- Born: 1938 (age 87–88) Near Ennadai Lake, Northwest Territories, Canada (now in Nunavut)
- Other names: Akjar, Ayaq Anowtalik, Mary Akjar, Mary Aajaaq Anowtalik, Mary Anautalik
- Known for: Stone carvings
- Spouse: Luke Anowtalik

= Mary Ayaq Anowtalik =

Inuk artist

Mary Ayaq Anowtalik (born 1938) is an Inuk artist based in Arviat, Nunavut, Canada, known for her stone carvings.

Her work is included in the collections of the Winnipeg Art Gallery, the Musée national des beaux-arts du Québec, the University of Saskatchewan, and the University of British Columbia Museum of Anthropology.

== Biography ==
Born near Ennadai Lake, Anowtalik is the daughter of sculptor Elizabeth Nutaraaluk and camp leader Andy Aulatjut. Her younger sister died during one of their family's forced relocations as due to a lack of adequate supply of food, her mother was unable to breastfeed.
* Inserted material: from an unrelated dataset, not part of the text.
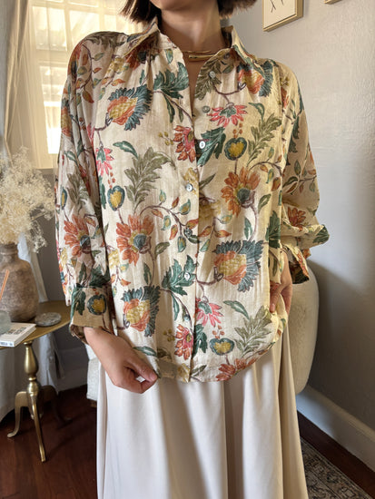 A soft, flowy button-down with an easy batwing sleeve and the prettiest autumn floral print. Lightweight with an effortless drape, it feels vintage without trying. Wear it tucked, loose, or half-buttoned for that relaxed, cool-girl look that still feels polished.

She began to carve in the 1950s while still living in Ennadai Lake. Describing her carvings, she said:Figures like these ... represent the closeness of Inuit family and relatives. They portray the intimacy of our former life at Ennadai Lake.Anowtalik was married to fellow sculptor Luke Anowtalik (1932-2006). They would frequently collaborate on sculptures together. In 1956 she and her husband appeared on the cover of Life Magazine alongside one of her children.

During the Canadian papal visit in 2022, Anowtalik was part of a traditional Inuit throat singing performance for Pope Francis.

== Forced relocation ==
A part of the Ahiarmiut community of what was then the eastern Northwest Territories, Anowtalik alongside other residents were forcibly relocated several times from Ennadai Lake in the 1950s as part of forced relocations by the Canadian government. Of the destruction of her community, she describes:This thing started plowing all our belongings, everything that we owned [...] I saw our beautiful tent being torn down and then that same bulldozer made a turn and started plowing our fresh dried meat.During the first relocation in May of 1950, and her community were deposited near Nueltin Lake on the border of what is now Manitoba and Nunavut. The government deposited them to their new environment without food and shelter. Due to the conditions, several members of community died from illness and Anowtalik says they were not able to be buried in the traditional manner due to the lack of resources. After the harsh living conditions became more threatening in the fall, they began a 100km three month long trek back to their community in Ennadai Lake.

In 1957, the Anowtalik's community was again relocated by the Canadian government to the North Henik and Oftedal Lakes in Nunavut.

Anowtalik's community was moved for the final time to Arviat in 1958.

As of the official government settlement in 2018, Anowtalik was the only surviving elder of her community to remember the relocations.